Jump to a quarterback:
Baker Mayfield | Sam Darnold
Josh Allen | Josh Rosen | Lamar Jackson

Josh Allen

Pick in 2018 draft: No. 7 (Bills)

The transformation is complete. Allen entered the league as a big-armed passer out of Wyoming who didn't have a track record of accuracy at the college level. His adjusted completion percentage coming out of college was 56%, the lowest of the five first-round passers. He wasn't accurate as a rookie, and while he made major strides in Year 2, he was still below average by virtually every passing metric. It seemed like Allen was the next Blake Bortles or Mitchell Trubisky, quarterbacks who were propped up by their teams and surroundings into fooling fans that they were franchise passers for brief spells of their rookie deals.

Allen is no Bortles or Trubisky. He was a revelation in his third season, emerging as one of the league's best quarterbacks. He went from a quarterback who would routinely battle his footwork in the pocket to one who seemed capable of setting and resetting his feet in moments from any setting or situation. A player who once seemed to not know where the ball was going from his traditional mechanics suddenly became an accurate passer from multiple arm angles. Allen was a legitimate MVP candidate.

Was it a fluke? I don't think so. When Wentz made his second-year leap in 2017, there were obvious unsustainable elements of his performance. As I wrote about back then, Wentz's 2017 season was built upon historically great performance on third down and in the red zone, with Wentz posting one of the 10 best seasons of the last decade in either category. Performance in those areas is tough to sustain unless you're dominating elsewhere on the field, and they were a one-year fluke for Wentz; he's 21st in third-down QBR and 10th in red zone QBR over the past three seasons.

There are no obvious outliers like that on Allen's 2020 record. His receivers posted a 2.6% drop rate, which was just a little better than league average. Defenses dropped six would-be Allen interceptions last year, which was slightly below league average. He was fourth in red zone QBR and 10th on third downs. Nothing about his performance suggests he was riding his luck or building his success on an unsustainable house of cards.

Does history suggest Allen can continue to play at this level? It depends. Let's take his completion percentage, which improved from 58.8% in 2019 to a whopping 69.2% in 2020. After adjusting for era, the Pro Football Reference index stats have Allen at 77 in 2019 and 121 last season. That 44-point improvement is tied for the largest single-season improvement in completion percentage index in the modern era alongside Steve DeBerg, who went from being coached by Fred O'Connor in 1978 to Bill Walsh in 1979. Eight other quarterbacks besides DeBerg improved their completion percentage index by more than 30 points in a 300-pass season and then threw 300 passes again the following year. Here's what happened to them:

The group as a whole saw its completion percentage decline by an average of 3.4% and its completion percentage index fall by an average of 13.1 points. If Allen were to drop off in a similar fashion, he would be looking at a 108 Cmp%+, which would be somewhere around 66% by 2020 statistics. It's not the sort of decline that would stop him from being a successful quarterback; Patrick Mahomes posted a 108 Cmp%+ last season.

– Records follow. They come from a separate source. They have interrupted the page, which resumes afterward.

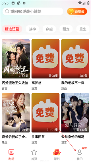1、打开短剧软件,剧场页面有【精选短剧】【战神】等分类,还有多部短剧可供选择,可根据喜好浏览观看,点击底部【我的】。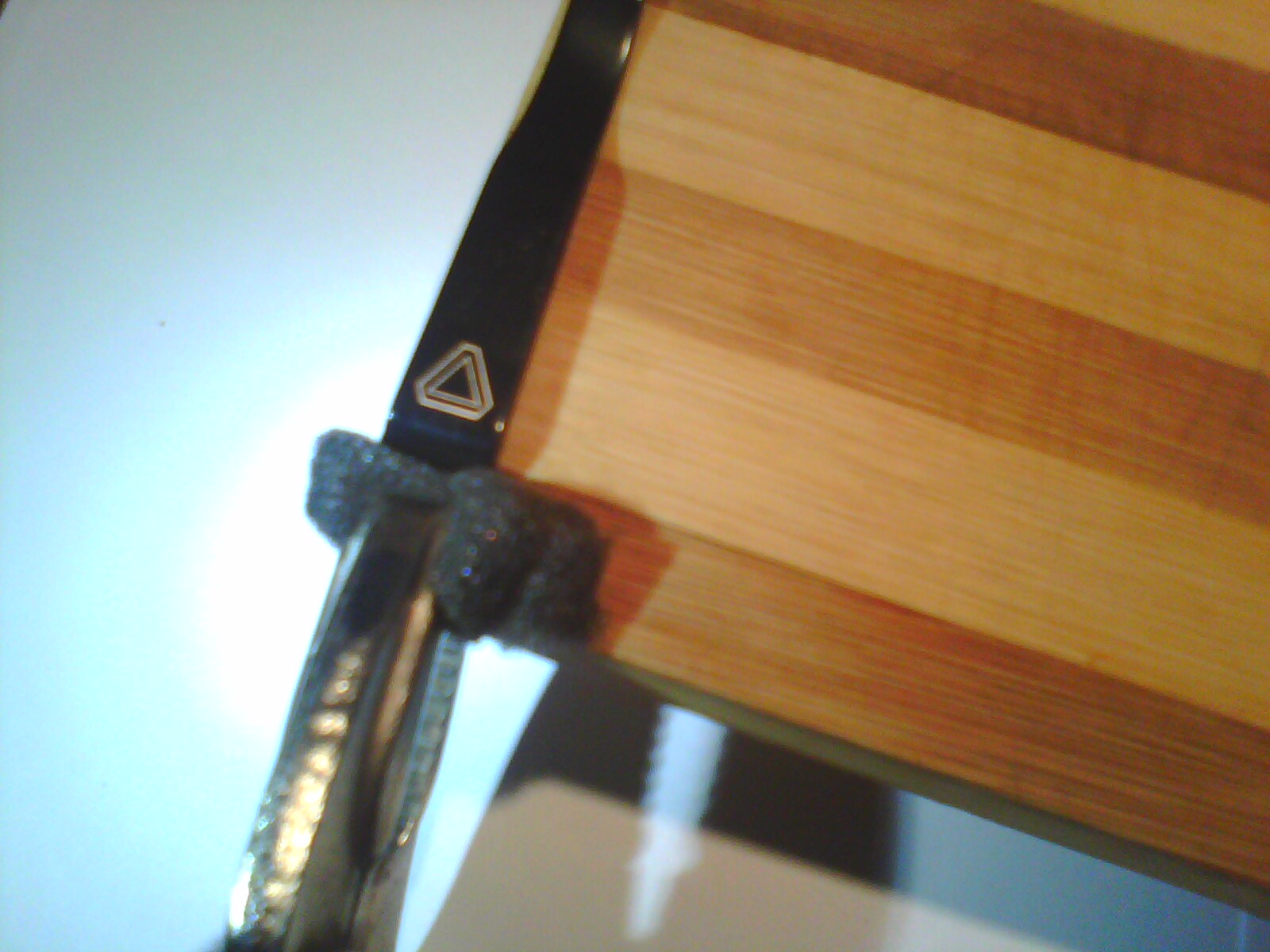 В итоге получилась очень удобная клипса, палец попадает прямо на ложбинку и тем самым клипсы как бы вообще нет (не наминает пальцы). И предугадывая вопрос о надежности удержания ножа на кармане, заверяю что надежность не упала, практика показала что осуществить телодвижения при которых нож вылетел бы из кармана - просто не реально, даже специально :) Все дело в том что клипса стала меньше ровно на 50% - тем самым ослабился эффект рычага, это дало единственный минус - труднее стало надевать на карман, нужно приложить чуть больше усилия. Но в месте с тем и увеличилась прижимная сила клипсы - короче держит хрен сорвешь :)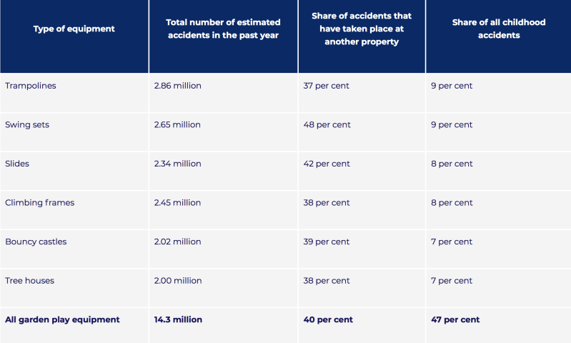 Millions of children are seriously injured in the garden every year which is a clear indication that parents need constantly reminding that the garden can be a danger zone. According to a report by Churchill insurance 21 per cent of parents (7.1 million) have had their child injured either at home or at someone else’s property over the past year. The same reports states that the leading cause of outdoor injury amongst children is garden play equipment, such as slides, swings and trampolines, accounting for nearly half (47 per cent) of injuries. Below is a table containing the most common garden play injuries sustained by children in the past year.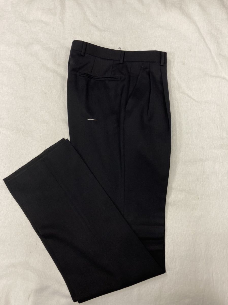袖釦は重ね釦の4個 セッパ付き 2タック ヒザ裏付き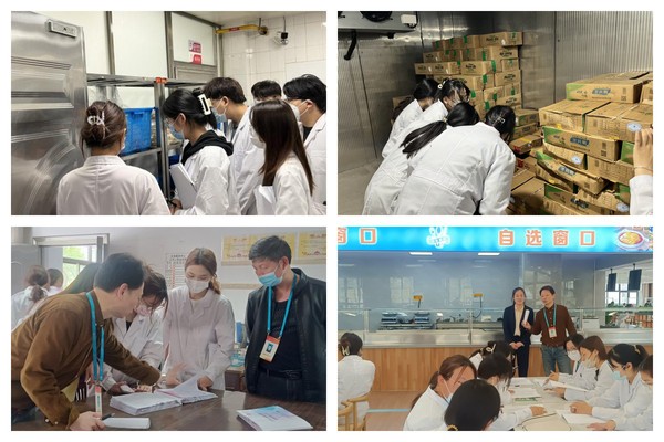 在食堂负责人的讲解和带领下,师生们参观了食堂切配间、洗碗消毒间、食品留样处、销售间、冷库、原材料仓库等场所,观摩了餐厅后厨工作人员切配、烹饪、食品加工等工作环节。同学们还就餐厅餐具清洗消毒程序、食品加工操作流程等方面的安全管理和监控措施进行了提问,也得到了逐一解答。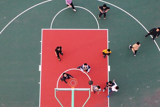 3月10日,在江蘇省錫山高級(jí)中學(xué),學(xué)生在打籃球。 新華社記者 季春鵬/攝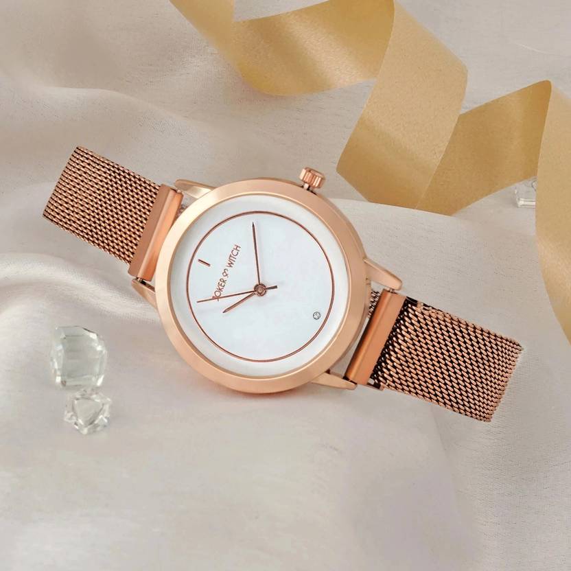 Joker & Witch Eclipse 34mm White Dial 16mm Rose Gold Steel Mesh Strap for Women

Quarterbacks who grow as dramatically as Allen did last season often take a step backward the following year. This was likely the first time in his entire life that he was this accurate of a passer. The most recent year is the most valuable year we have in terms of evidence when evaluating a player, but it's not the only year that matters. At the same time, he could take a meaningful step backward and still be an above-average quarterback in 2021, given how effective he was last season.

Having said that, I think you could also make a feasible case that Allen might even get better in 2021. He's getting back virtually everyone of consequence from last year's team outside of swapping out John Brown for Emmanuel Sanders. The Bills did get healthy seasons out of most of their stars on offense, including Stefon Diggs and Dion Dawkins, but Brown missed nearly half the season, and starting guards Cody Ford and Jon Feliciano combined to miss 16 games. This offense would look a lot worse if Diggs went down injured, but you could say that about a lot of teams without their top wideout. Offensive coordinator Brian Daboll, whose growth alongside Allen has been similarly shocking and impressive, also returns. The pieces are there for him to do this again.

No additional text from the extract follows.